Deleting all indexes ... Done


In [10]:
# creating an index
index_name = 'churchill-speech'
if index_name not in pinecone.list_indexes():
    print(f'Creating index {index_name} ...')
    pinecone.create_index(index_name, dimension=1536, metric='cosine')
    print('Done!')

Creating index churchill-speech ...
Done!


In [11]:
vector_store = Pinecone.from_documents(chunks, embeddings, index_name=index_name)

### Asking Questions (Similarity Search)

In [12]:
query = 'Where should we fight?'
result = vector_store.similarity_search(query)
print(result)

[Document(page_content='shall fight on the beaches, we shall fight on the landing grounds, we shall fight in the fields and', metadata={}), Document(page_content='front, now on that, fighting', metadata={}), Document(page_content='end, we shall fight in France, we shall fight on the seas and oceans, we shall fight with growing', metadata={}), Document(page_content='When we consider how much greater would be our advantage in defending the air above this Island', metadata={})]


In [13]:
for r in result:
    print(r.page_content)
    print('-' * 50)

shall fight on the beaches, we shall fight on the landing grounds, we shall fight in the fields and
--------------------------------------------------
front, now on that, fighting
--------------------------------------------------
end, we shall fight in France, we shall fight on the seas and oceans, we shall fight with growing
--------------------------------------------------
When we consider how much greater would be our advantage in defending the air above this Island
--------------------------------------------------


### Answering in Natural Language using an LLM

In [14]:
from langchain.chains import RetrievalQA
from langchain.chat_models import ChatOpenAI

llm = ChatOpenAI(model='gpt-3.5-turbo', temperature=1)

retriever = vector_store.as_retriever(search_type='similarity', search_kwargs={'k': 3})

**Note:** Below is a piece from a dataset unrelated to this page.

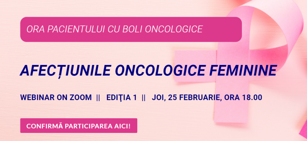Platforma DespreCancer.ro organizează joi, 25 februarie, începând cu ora 18.00, prima ediție a webinarului Ora pacientului cu boli oncologice, având tema Afecțiunile oncologice feminine.

chain = RetrievalQA.from_chain_type(llm=llm, chain_type="stuff", retriever=retriever)


In [15]:
query = 'Where should we fight?'
answer = chain.run(query)
print(answer)

We should fight on the beaches, on the landing grounds, in the fields, in France, on the seas and oceans.


In [16]:
query = 'Who was the king of Belgium at that time?'
# query = 'What about the French Armies??'
answer = chain.run(query)
print(answer)

The king of Belgium at that time was King Leopold.